# About this exercise:
Output the records exactly, and drop each picture.

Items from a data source

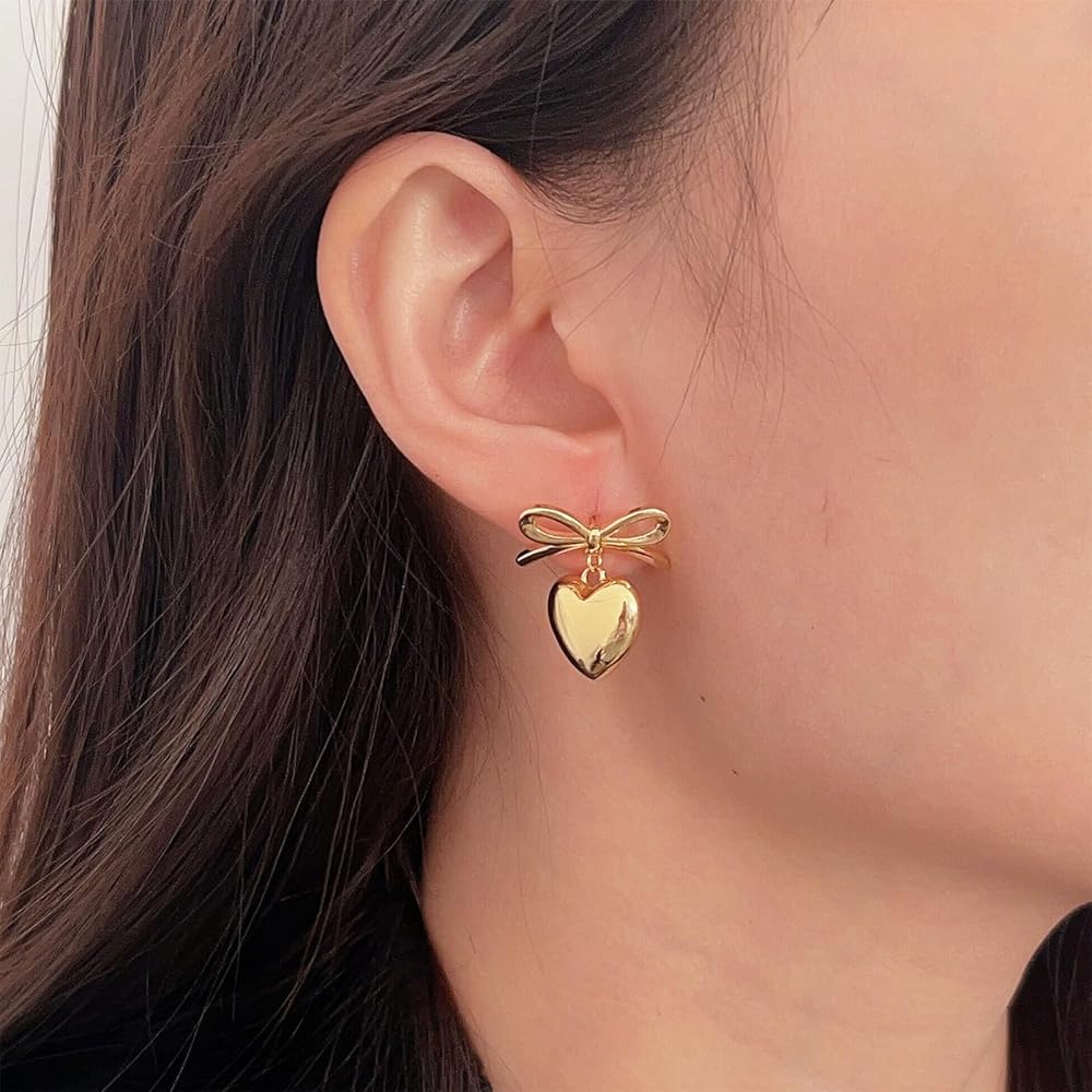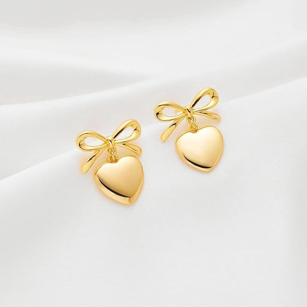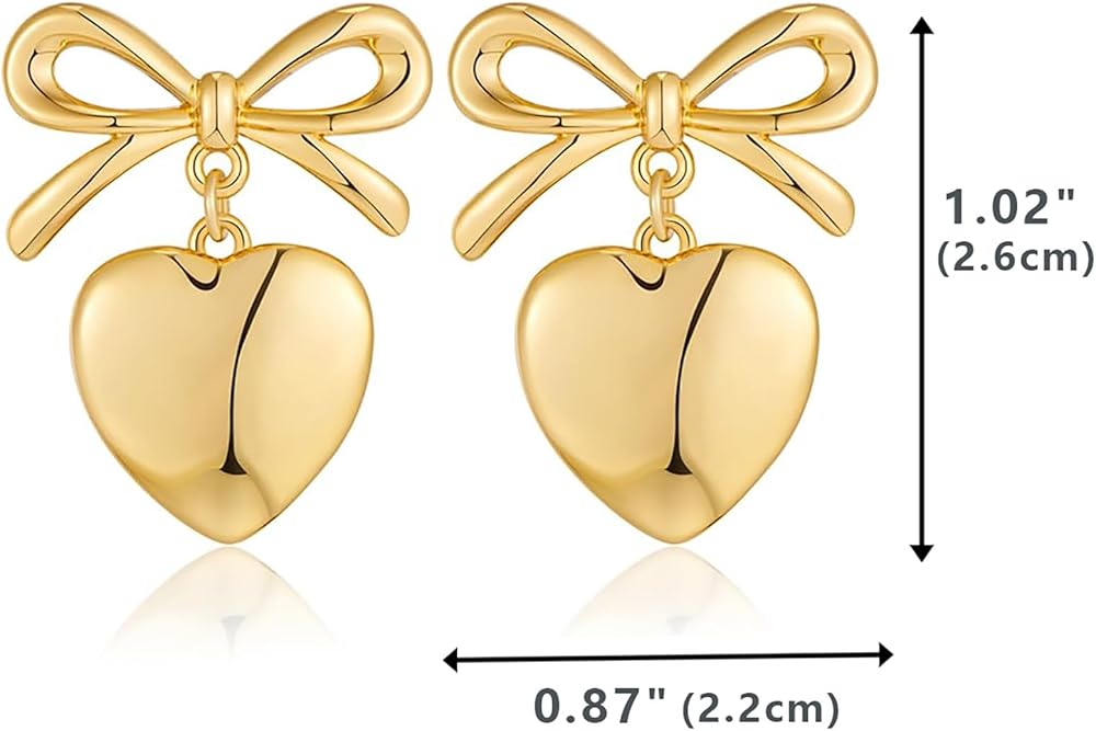 ❤Fashion Design: Unleash your inner fashionista with the stylish heart-shaped bow pendant. The intricate design reflects the latest trends, making these earrings a must-have accessory to enhance your overall look.
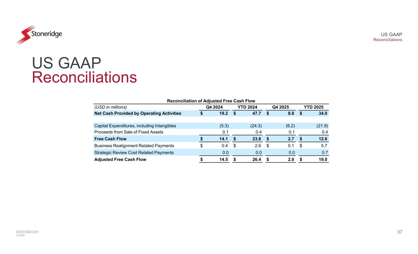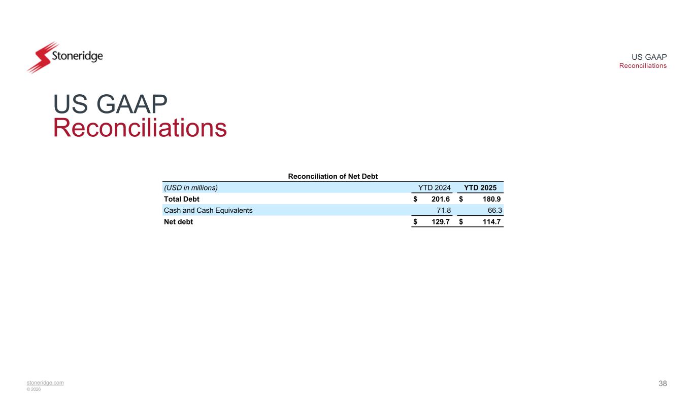stoneridge.com © 2026 US GAAP Reconciliations 37 US GAAP Reconciliations Reconciliation of Adjusted Free Cash Flow YTD 2025Q4 2025YTD 2024Q4 2024(USD in millions) $ 34.0$ 8.8$ 47.7$ 19.2Net Cash Provided by Operating Activities (21.9)(6.2)(24.3)(5.3)Capital Expenditures, including Intangibles 0.40.10.40.1Proceeds from Sale of Fixed Assets $ 12.6$ 2.7$ 23.8$ 14.1Free Cash Flow $ 5.7$ 0.1$ 2.6$ 0.4Business Realignment Related Payments 0.70.00.00.0Strategic Review Cost Related Payments $ 19.0$ 2.8$ 26.4$ 14.5Adjusted Free Cash Flow
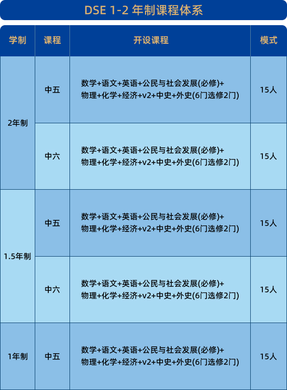 DSE 课程为中五、中六学生提供 1 至 2 年的灵活选择,包含必修科目如数学、语文、英语、公民与社会发展科,及物理、化学、经济等
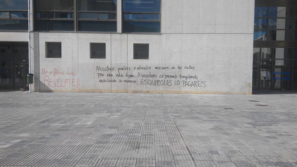 Entre los que llamaban a participar en las protestas con pintadas en la universidad se ha colado un llamativo error ortográfico: "Por un futuro digno... revélate". El autor, posiblemente un estudiante, confundió el verbo "rebelarse" con "revelar". Al lado, otra pintada amenazaba a los estudiantes que sí querían ir a clase: "Esquiroles, lo pagaréis".
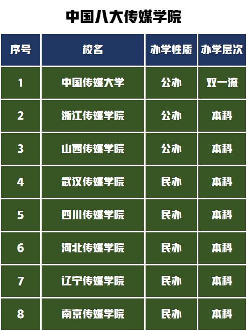我国目前传媒学院共有八所,其中民办传媒学院5所,公办传媒学院仅三所,排名第一的是大家公认的中国传媒大学,排名第二是浙江传媒学院。
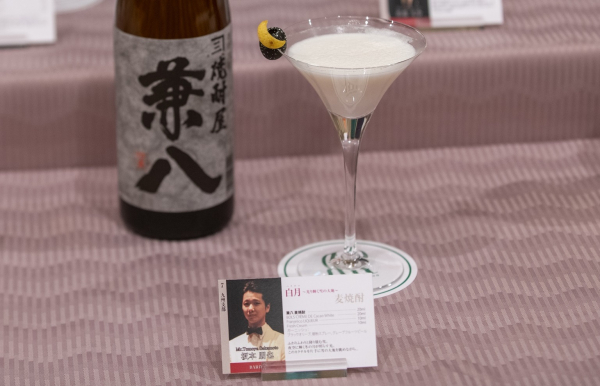 坂本さん考案のカクテル「白月」は、麦の香りと深みある味が楽しめる本格麦焼酎「兼八」をベースに、上品なミルクチョコレートのフレーバーのリキュール「Crème de Cacao White」とヘーゼルナッツ・リキュール「Franjelico RIQUEUR」、そしてフレッシュクリームで仕上げた、まるでデザートのような甘さが引き立つカクテル。見た目の可愛さも兼ね合わせた女性にも飲みやすいカクテルで、会場の女性客も本格麦焼酎の香りと甘い香りのカクテルに酔いしれた。
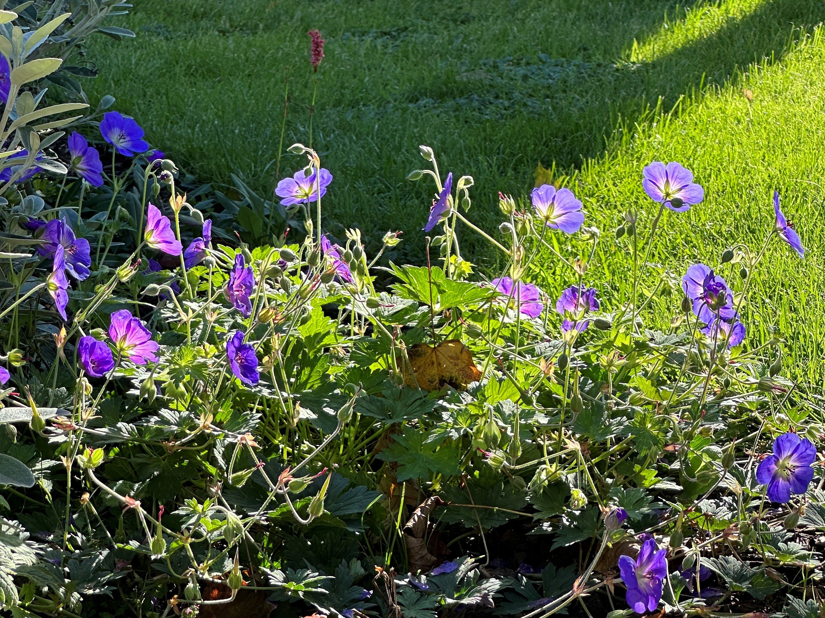 Geranium can be annuals, biennials and perennials, herbaceous or evergreen, with rounded, usually palmately lobed or divided leaves, and lax inflorescences of rounded, 5-petalled flowers
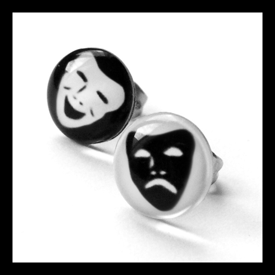 Drobné náušničky s motivem divadelních masek mají průměr 1 cm. Každá náušnice je jiná, jedna černá, druhá bílá, jedna s veselou maskou, druhá se smutnou. Motiv je zalitý dostatečnou vrstvou kvalitní křišťálové pryskyřice, která vytváří pravidelný kopeček. Je průzračná, lesklá a samozřejmě bez bublinek a nečistot.
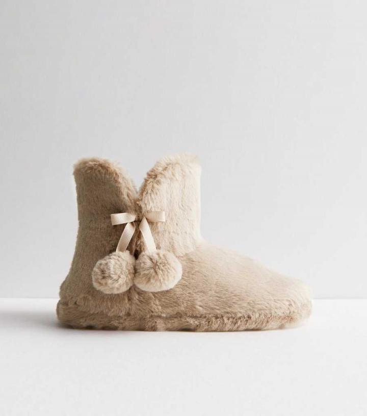 Girls Light Brown Faux Fur Slipper Boots New Look…
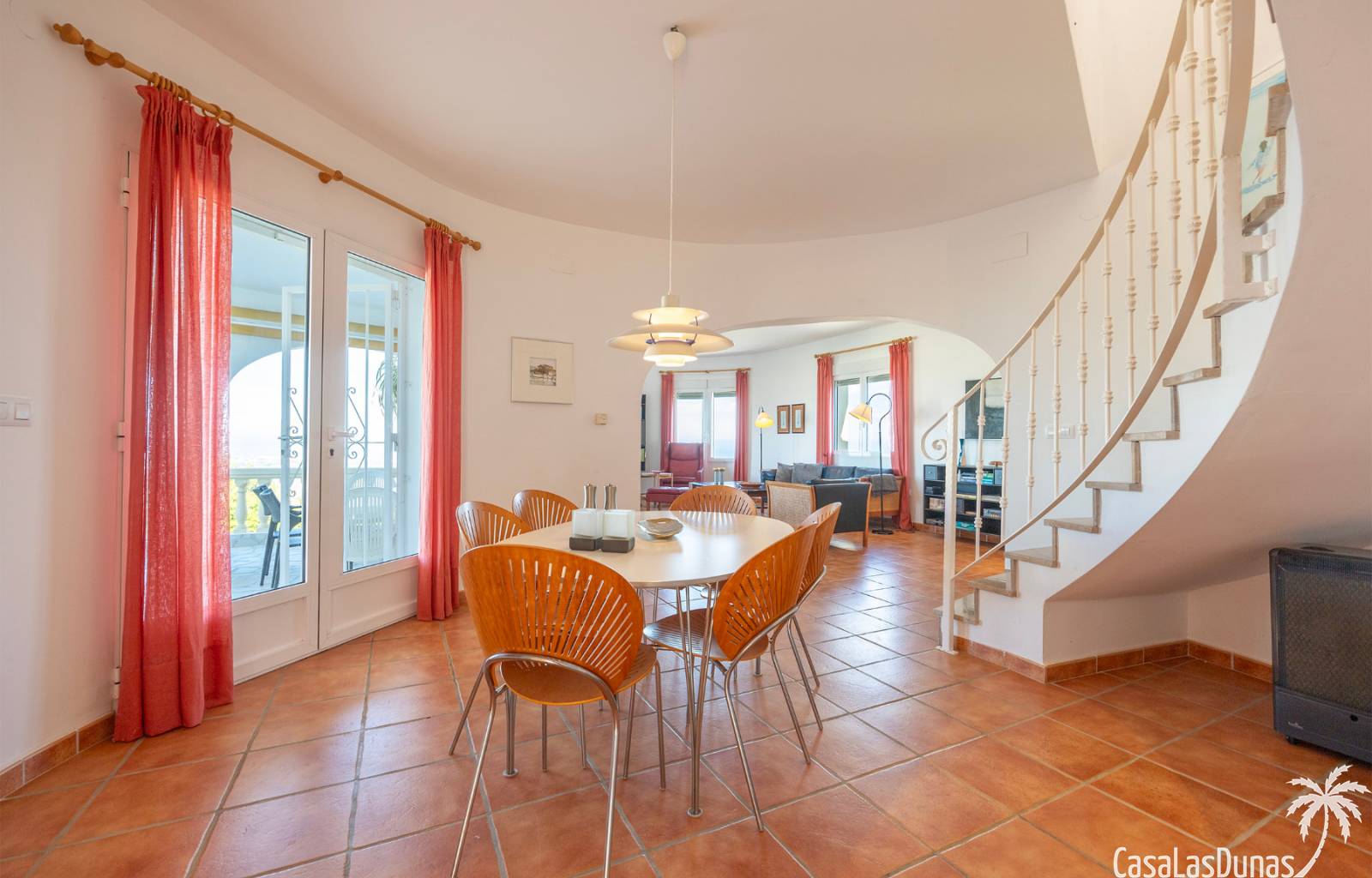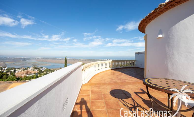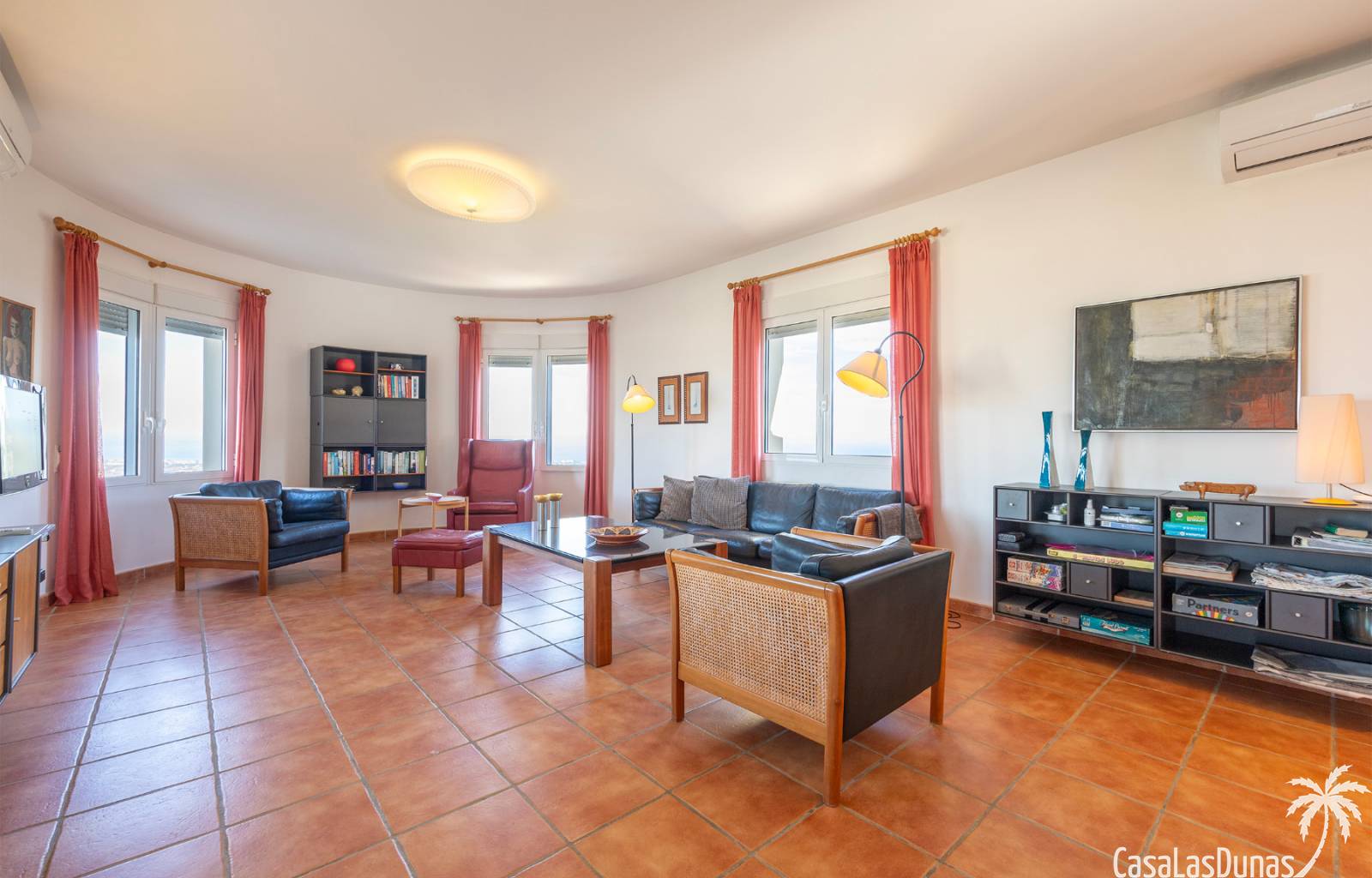This four-bedroom villa offers panoramic views of the Mediterranean Sea and the surrounding mountains on a spacious 1,300m² plot. The property features four comfortable bedrooms, three bathrooms, a bright and spacious living/dining room with access to a covered terrace and outdoor areas. There is also a fully equipped kitchen and a garage in the basement.
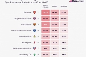Opta預測晉級歐冠四強概率:槍手77.7%最高,巴薩68%、拜仁64.5%
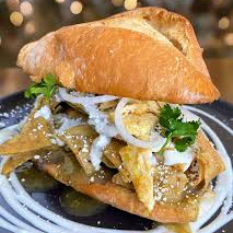 Bolillo con chilakiles en salsa a escoger, acompañados con huevo, proteína a elegir, queso monterrey, queso cotija, crema, cebolla, cilantro y frijoles.
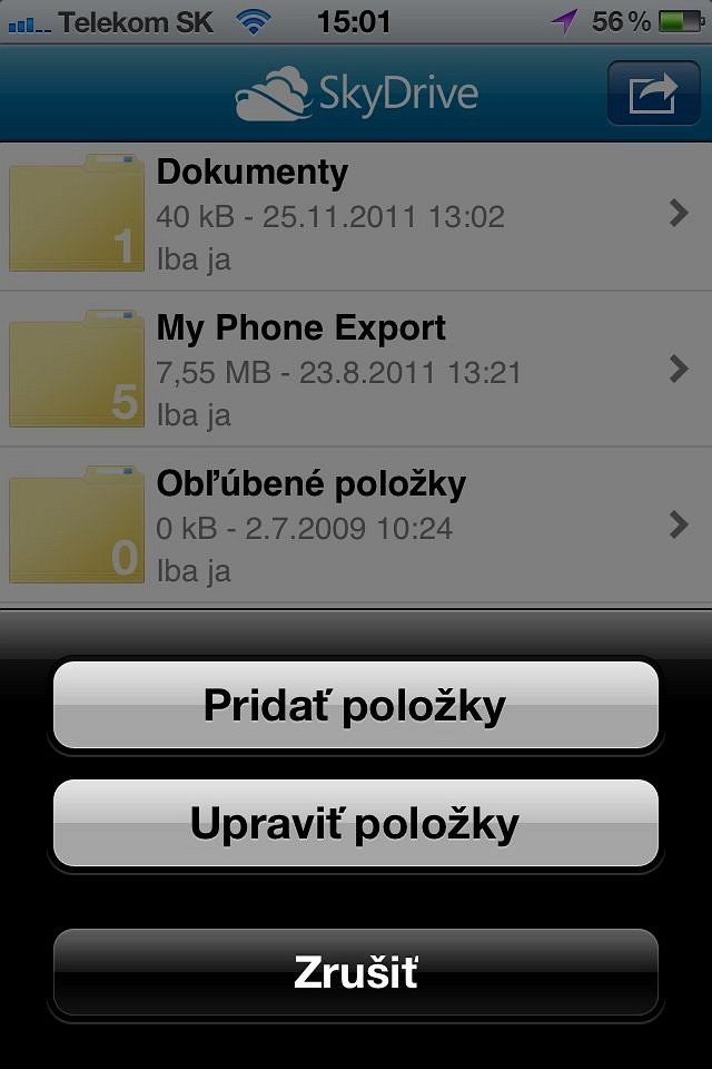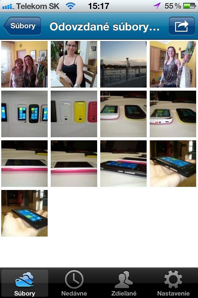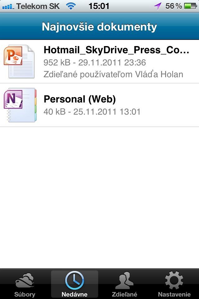S mobilnou aplikáciou získate prístup k obsahu služby SkyDrive vrátane zdieľaných súborov, zobrazíte si nedávno použité dokumenty, nahráte svoje fotografie do cloudu a môžete svoje súbory spravovať, premiestňovať, mazať či vytvárať nové zložky.
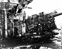 Juste 30 secondes plus tard, la bombe du “Val” suivant tomba à 4,6 m du point d'entrée de la première bombe. La détonation entraina l'explosion des munitions de l'un des canons de 127 mm à proximité, tuant 35 marins et déclenchant un grand incendie[41].

# Answer area:
 ❤Fashion Design: Unleash your inner fashionista with the stylish heart-shaped bow pendant. The intricate design reflects the latest trends, making these earrings a must-have accessory to enhance your overall look.
stoneridge.com © 2026 US GAAP Reconciliations 37 US GAAP Reconciliations Reconciliation of Adjusted Free Cash Flow YTD 2025Q4 2025YTD 2024Q4 2024(USD in millions) $ 34.0$ 8.8$ 47.7$ 19.2Net Cash Provided by Operating Activities (21.9)(6.2)(24.3)(5.3)Capital Expenditures, including Intangibles 0.40.10.40.1Proceeds from Sale of Fixed Assets $ 12.6$ 2.7$ 23.8$ 14.1Free Cash Flow $ 5.7$ 0.1$ 2.6$ 0.4Business Realignment Related Payments 0.70.00.00.0Strategic Review Cost Related Payments $ 19.0$ 2.8$ 26.4$ 14.5Adjusted Free Cash Flow
 DSE 课程为中五、中六学生提供 1 至 2 年的灵活选择,包含必修科目如数学、语文、英语、公民与社会发展科,及物理、化学、经济等
 Entre los que llamaban a participar en las protestas con pintadas en la universidad se ha colado un llamativo error ortográfico: "Por un futuro digno... revélate". El autor, posiblemente un estudiante, confundió el verbo "rebelarse" con "revelar". Al lado, otra pintada amenazaba a los estudiantes que sí querían ir a clase: "Esquiroles, lo pagaréis".
我国目前传媒学院共有八所,其中民办传媒学院5所,公办传媒学院仅三所,排名第一的是大家公认的中国传媒大学,排名第二是浙江传媒学院。
 坂本さん考案のカクテル「白月」は、麦の香りと深みある味が楽しめる本格麦焼酎「兼八」をベースに、上品なミルクチョコレートのフレーバーのリキュール「Crème de Cacao White」とヘーゼルナッツ・リキュール「Franjelico RIQUEUR」、そしてフレッシュクリームで仕上げた、まるでデザートのような甘さが引き立つカクテル。見た目の可愛さも兼ね合わせた女性にも飲みやすいカクテルで、会場の女性客も本格麦焼酎の香りと甘い香りのカクテルに酔いしれた。
 Geranium can be annuals, biennials and perennials, herbaceous or evergreen, with rounded, usually palmately lobed or divided leaves, and lax inflorescences of rounded, 5-petalled flowers
 Drobné náušničky s motivem divadelních masek mají průměr 1 cm. Každá náušnice je jiná, jedna černá, druhá bílá, jedna s veselou maskou, druhá se smutnou. Motiv je zalitý dostatečnou vrstvou kvalitní křišťálové pryskyřice, která vytváří pravidelný kopeček. Je průzračná, lesklá a samozřejmě bez bublinek a nečistot.
 Girls Light Brown Faux Fur Slipper Boots New Look…
This four-bedroom villa offers panoramic views of the Mediterranean Sea and the surrounding mountains on a spacious 1,300m² plot. The property features four comfortable bedrooms, three bathrooms, a bright and spacious living/dining room with access to a covered terrace and outdoor areas. There is also a fully equipped kitchen and a garage in the basement.
Opta預測晉級歐冠四強概率:槍手77.7%最高,巴薩68%、拜仁64.5%
 Bolillo con chilakiles en salsa a escoger, acompañados con huevo, proteína a elegir, queso monterrey, queso cotija, crema, cebolla, cilantro y frijoles.
S mobilnou aplikáciou získate prístup k obsahu služby SkyDrive vrátane zdieľaných súborov, zobrazíte si nedávno použité dokumenty, nahráte svoje fotografie do cloudu a môžete svoje súbory spravovať, premiestňovať, mazať či vytvárať nové zložky.
 Juste 30 secondes plus tard, la bombe du “Val” suivant tomba à 4,6 m du point d'entrée de la première bombe. La détonation entraina l'explosion des munitions de l'un des canons de 127 mm à proximité, tuant 35 marins et déclenchant un grand incendie[41].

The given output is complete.